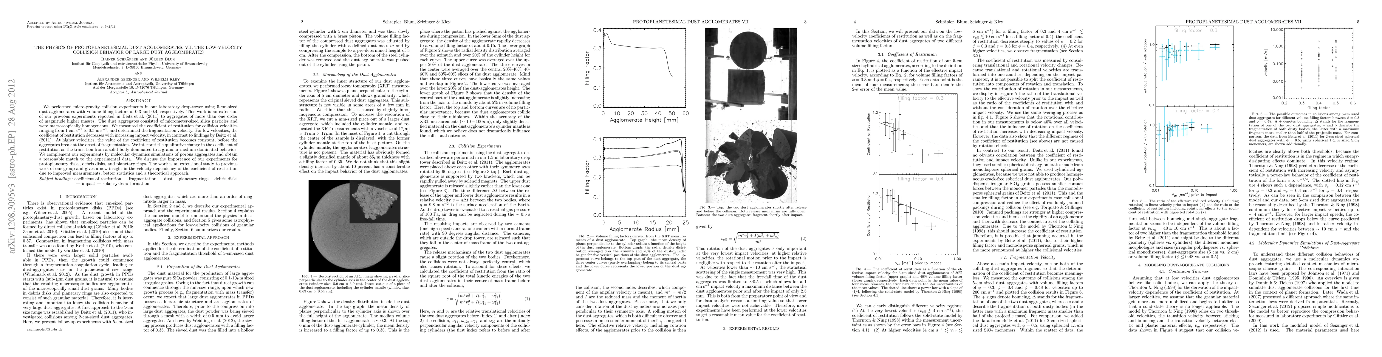 This study investigates the low-velocity collision behavior of large dust agglomerates using micro-gravity experiments and molecular dynamics simulations. The results show a transition in the coefficient of restitution from solid-body to granular-medium behavior, providing new insights into the dynamics of protoplanetary disks and planetary rings.
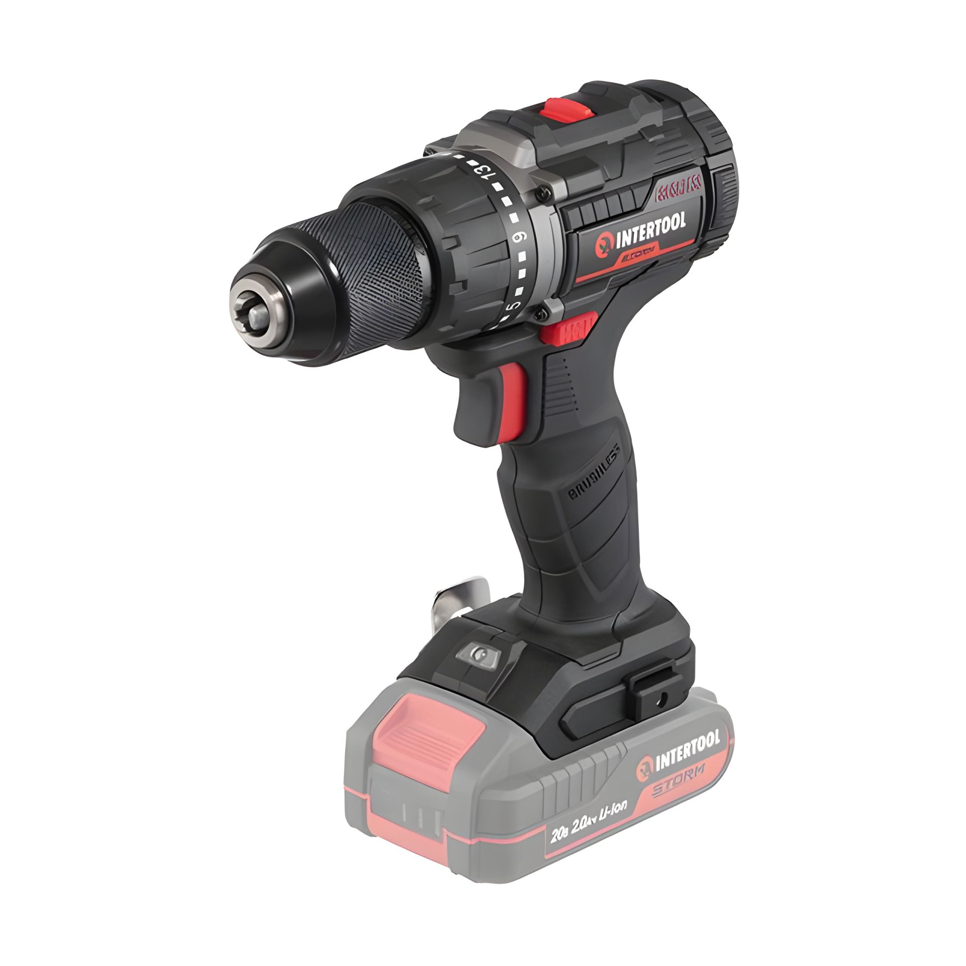Бесщеточная дрель-шуруповерт аккумуляторная 20 В, 60 Nm, 0-500/0-2000 об/мин, 2-13 мм, без ЗУ и АКБ INTERTOOL WT-9360
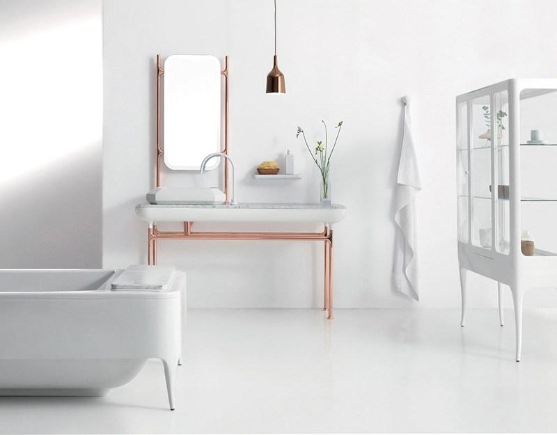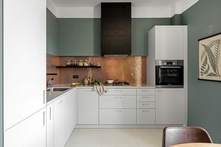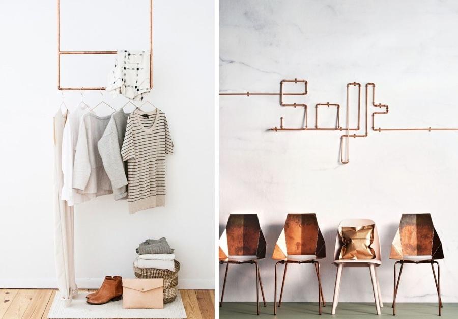 A la hora de diseñar baños y cocinas, este material es de lo más frecuente. Utilizado en griferías o menaje de cocina, también puedes usarlo en paredes como revestimientos, o puertas. Una original opción es elegir toda la fontanería de cobre y dejarla a la vista, decorando con ellas las paredes del baño. De esta forma le darás un toque industrial y divertido a este espacio. Es muy recomendable para usarlo en la cocina ya que no se oxida y previene la acumulación y propagación de bacterias.
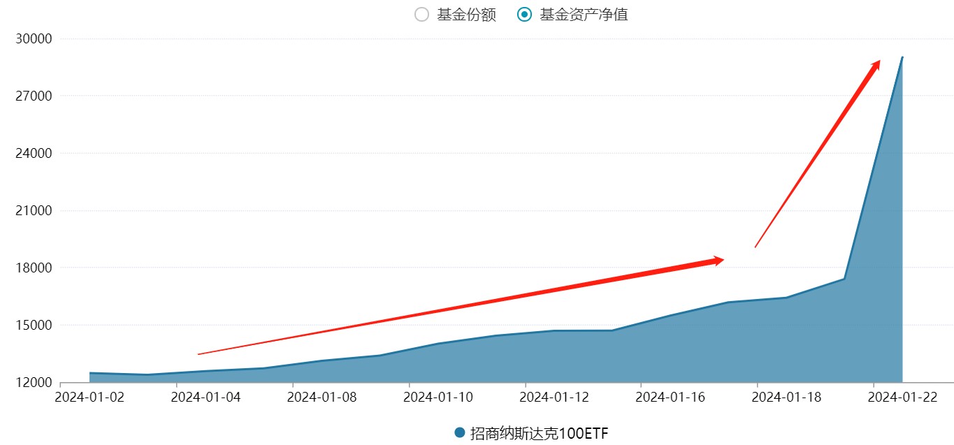 继昨日申购金额、成交额、总规模悉数新高后,今日(2024年1月24日)纳斯达克100ETF(159659)盘中再度放量异动,截至午间收盘,纳斯达克100ETF(159659)半日成交1.51亿元,超过昨日同期;盘中呈现大额净流入状态。
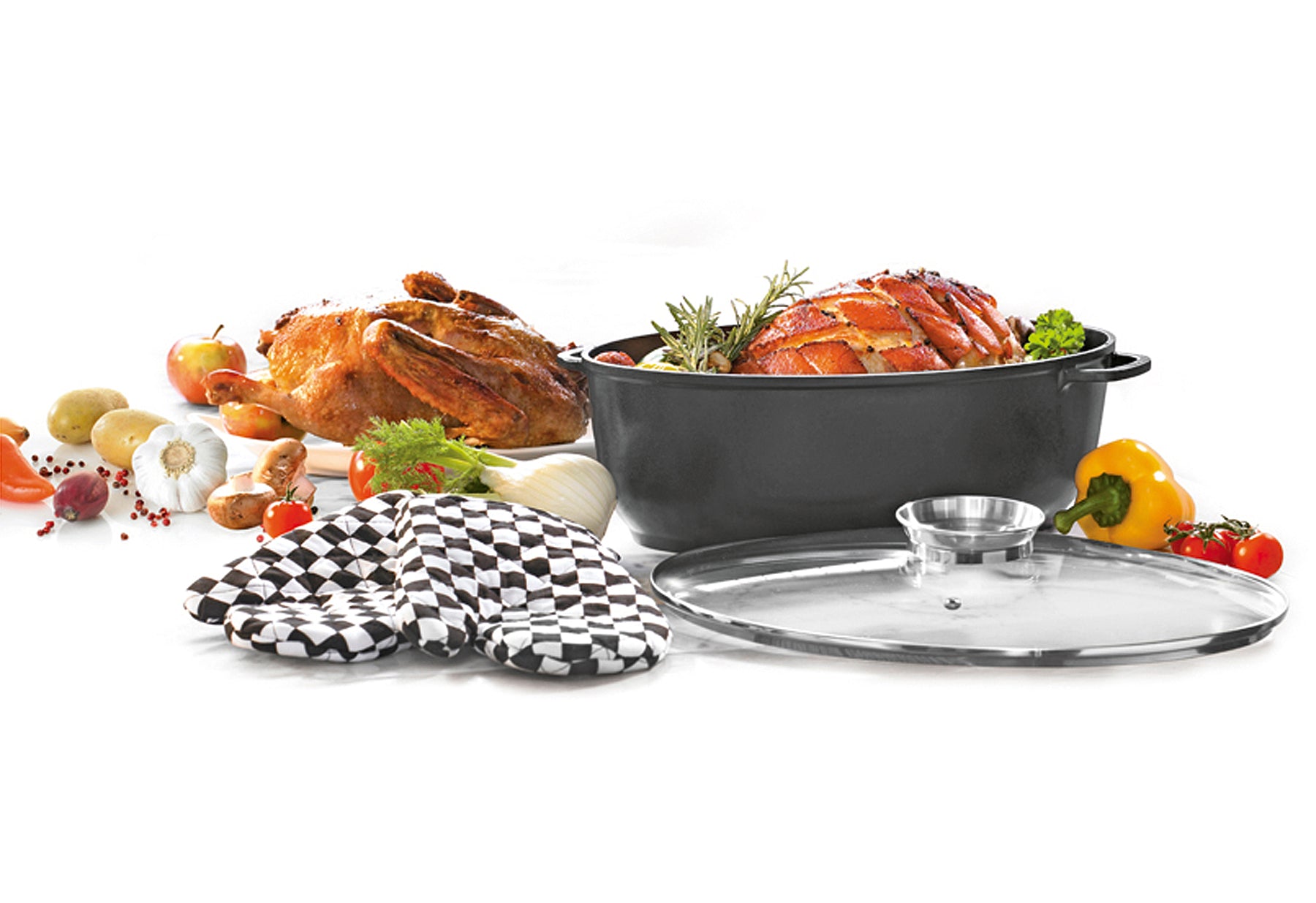 Gänsebräter Delta 8 l 38x27x13,5cm Aluguss inklusive 1 Paar Handschuhe

——————————

_What the task requires:_ When you repeat the material above, keep every word exact and leave out the pictures.

_Answer for the task:_
 This study investigates the low-velocity collision behavior of large dust agglomerates using micro-gravity experiments and molecular dynamics simulations. The results show a transition in the coefficient of restitution from solid-body to granular-medium behavior, providing new insights into the dynamics of protoplanetary disks and planetary rings.
Бесщеточная дрель-шуруповерт аккумуляторная 20 В, 60 Nm, 0-500/0-2000 об/мин, 2-13 мм, без ЗУ и АКБ INTERTOOL WT-9360
 A la hora de diseñar baños y cocinas, este material es de lo más frecuente. Utilizado en griferías o menaje de cocina, también puedes usarlo en paredes como revestimientos, o puertas. Una original opción es elegir toda la fontanería de cobre y dejarla a la vista, decorando con ellas las paredes del baño. De esta forma le darás un toque industrial y divertido a este espacio. Es muy recomendable para usarlo en la cocina ya que no se oxida y previene la acumulación y propagación de bacterias.
 继昨日申购金额、成交额、总规模悉数新高后,今日(2024年1月24日)纳斯达克100ETF(159659)盘中再度放量异动,截至午间收盘,纳斯达克100ETF(159659)半日成交1.51亿元,超过昨日同期;盘中呈现大额净流入状态。
 Gänsebräter Delta 8 l 38x27x13,5cm Aluguss inklusive 1 Paar Handschuhe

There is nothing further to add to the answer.